Lo scontro israelo-palestinese va avanti da decenni e coinvolge buona parte del Medio Oriente. Una guerra senza esclusione di colpi, drammatica e crudele, con l’Europa e il resto del mondo che sono i primi colpevoli di uno sterminio che non sembra mai giungere a conclusione. E se gli occidentali, americani in primis, chiudono gli occhi di fronte alle atrocità commesse dagli israeliani definendo terroristi solo chi lotta per il diritto ad abitare la propria terra, Cinzia Leone, scrittrice, giornalista e disegnatrice, indaga i tipi di amore che possono nascere all’interno di conflitti così spietati. Lo fa fin dall’inizio, scegliendo come titolo un passaggio del Romeo e Giulietta di Shakespeare, un inno all’amore immortale in un ambiente dove la morte è all’ordine del giorno. All’autrice non interessa analizzare il conflitto in sé: la terra dove si svolge la vicenda, Israele e Palestina, sono il perfetto contraltare per raccontare quanto i sentimenti affettivi possano, almeno in parte, lenire ferite che forse non si chiuderanno mai e certamente non guariranno.

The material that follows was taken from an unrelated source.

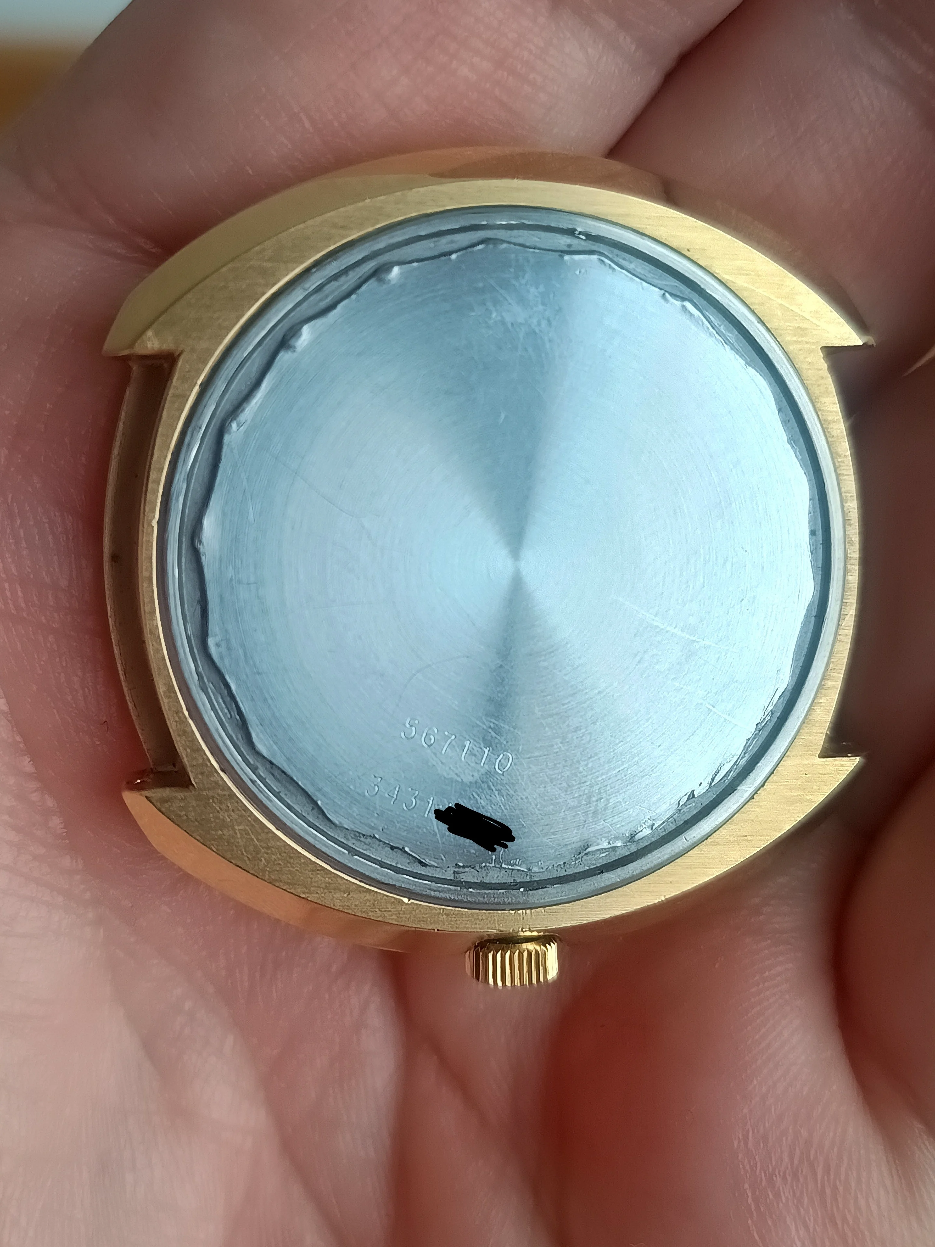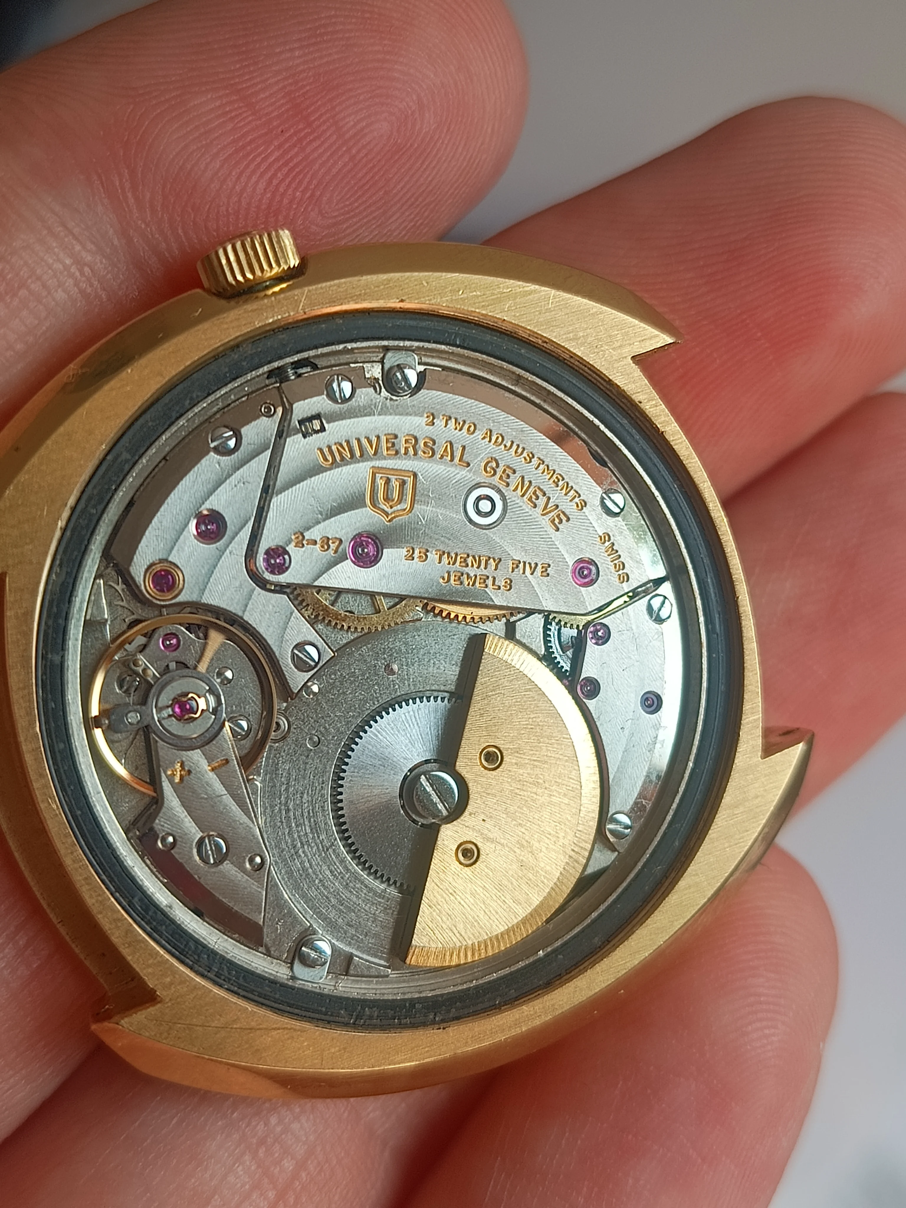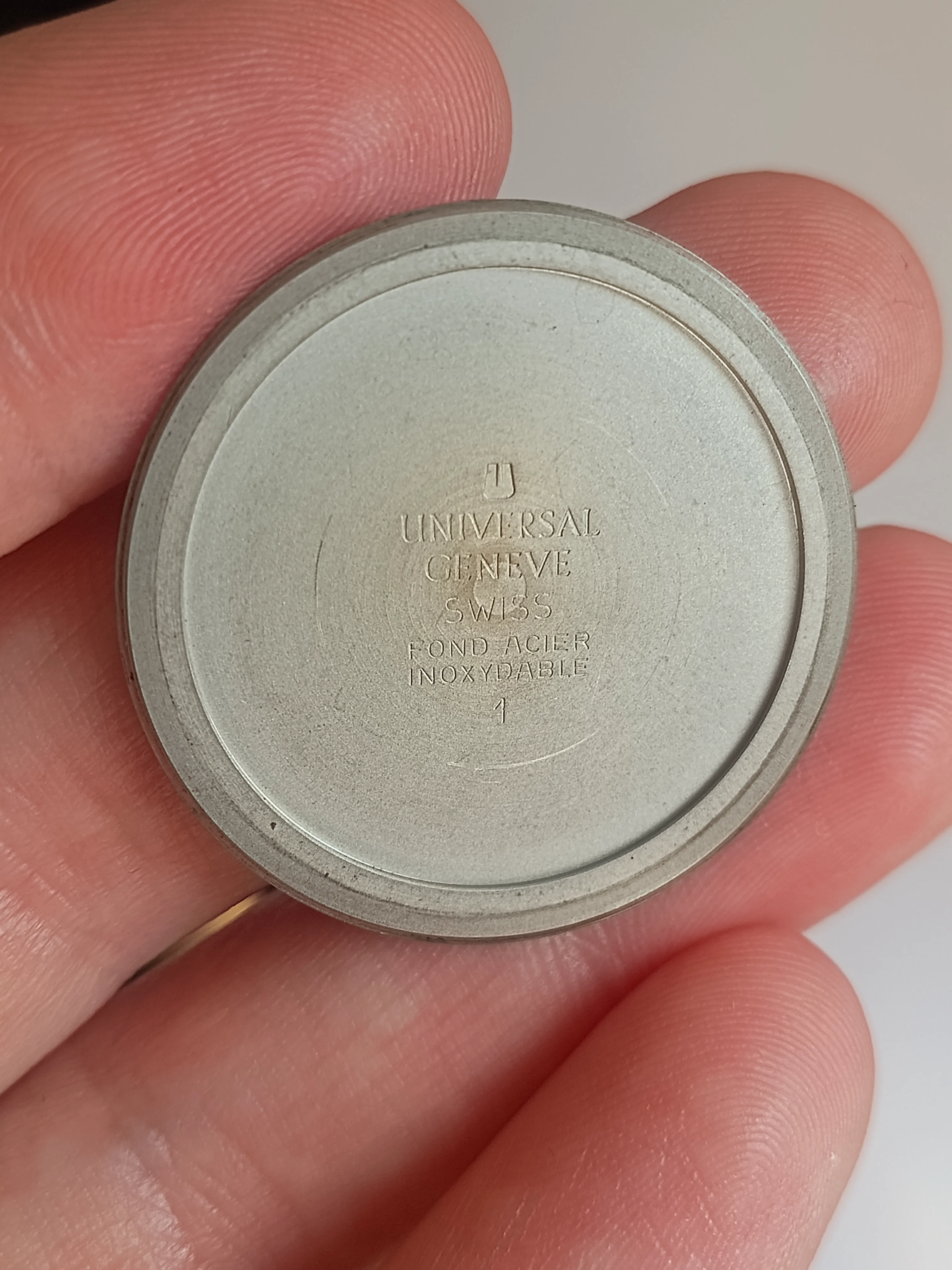The Dial is flawless and has no cracks in the stone, the date window is nicely executed with a golden frame and the printing is executed flawlessly and 100% consistent with what we see on other Universal Geneve models from the era. The Reference Number also makes sense:

Nell’attentato kamikaze all’interno di un bar del centro di Tel Aviv muore Arièl, un ragazzo italiano trasferitosi in Israele e arruolatosi nell’esercito. I genitori, Micol e Daniel, che si sono separati tempo addietro, vengono raggiunti dalla notizia in Italia. Sono entrambi ebrei non praticanti, nonostante la madre di Micol, Stella, si sia trasferita da anni in Israele, donna di carattere e sionista convinta che ha fatto parte dei servizi segreti del paese. Quando arrivano vengono travolti dalla notizia che i resti del figlio, che era vicino al kamikaze per tentare di fermarlo, oltre che ridotti a un ammasso indefinito si sono mescolati con quelli dell’attentatore. La ricomposizione del corpo sarà lunga e penosa, ma deve essere eseguita come le leggi ebraiche impongono. Partono i primi dissapori tra Micol e Daniel: quest’ultimo imputa a Stella la colpa della morte del figlio per averlo avvicinato, fin da piccolo, all’ebraismo ortodosso e averlo attirato in Israele. E anche se Micol la pensa allo stesso modo, gli rimprovera di non essere stato un genitore presente – accusa che rivolge anche a sé stessa – e di non aver diritto di accusare la madre. Il risentimento dei due tocca l’apice quando incontrano Stella, che nonostante il dolore non sembra addossarsi alcuna responsabilità per la tragedia, affermando che Arièl era felice in quel luogo che lei ha sempre sognato dovesse diventare il paradiso in terra. Visitano l’appartamento dove viveva Arièl e da qui, a poco a poco, si dipanano scoperte che lasceranno Micol interdetta. Arièl aveva un compagno, e lei mai si era accorta di avere un figlio gay. Tariq è un palestinese, scappato dal suo paese per sfuggire ai soprusi che vengono perpetrati verso gli omosessuali. Quando Micol lo incontra capisce che il ragazzo è la chiave per scoprire i segreti e la vita di un figlio che non conosceva, per cui sente di aver fatto poco. Questo rapporto sarà fondamentale per creare altre relazioni che mai Micol avrebbe pensato di vivere, e anche per questo decide di non fare ritorno in Italia. Jibil, la madre di Tariq, Sharon, un’amica del figlio, l’incontro con la madre di una vittima dell’attentato e la convivenza con Stella le faranno inquadrare la tragedia in maniera inaspettata.
Un romanzo denso, ricco di colpi di scena – l’arrivo di nuovi personaggi che scardinano le false certezze a cui si era aggrappata Micol –, i sensi di colpa che attraversano i personaggi per motivi diversi, la durezza e la fermezza della madre che si sciolgono di fronte a delle verità che mai confessate rendono la narrazione fluida, un ritmo che non accusa mai pause o cambi repentini. Una storia complicata e completa, ogni personaggio ha la sua ragione d’essere nella dinamica della storia, ma narrata in maniera semplice, quella semplicità di cui sono capaci solo le penne più raffinate e colte. Cinzia Leone ci racconta, con estrema lucidità, l’amore ai tempi della guerra. Che non è mai un esercizio semplice.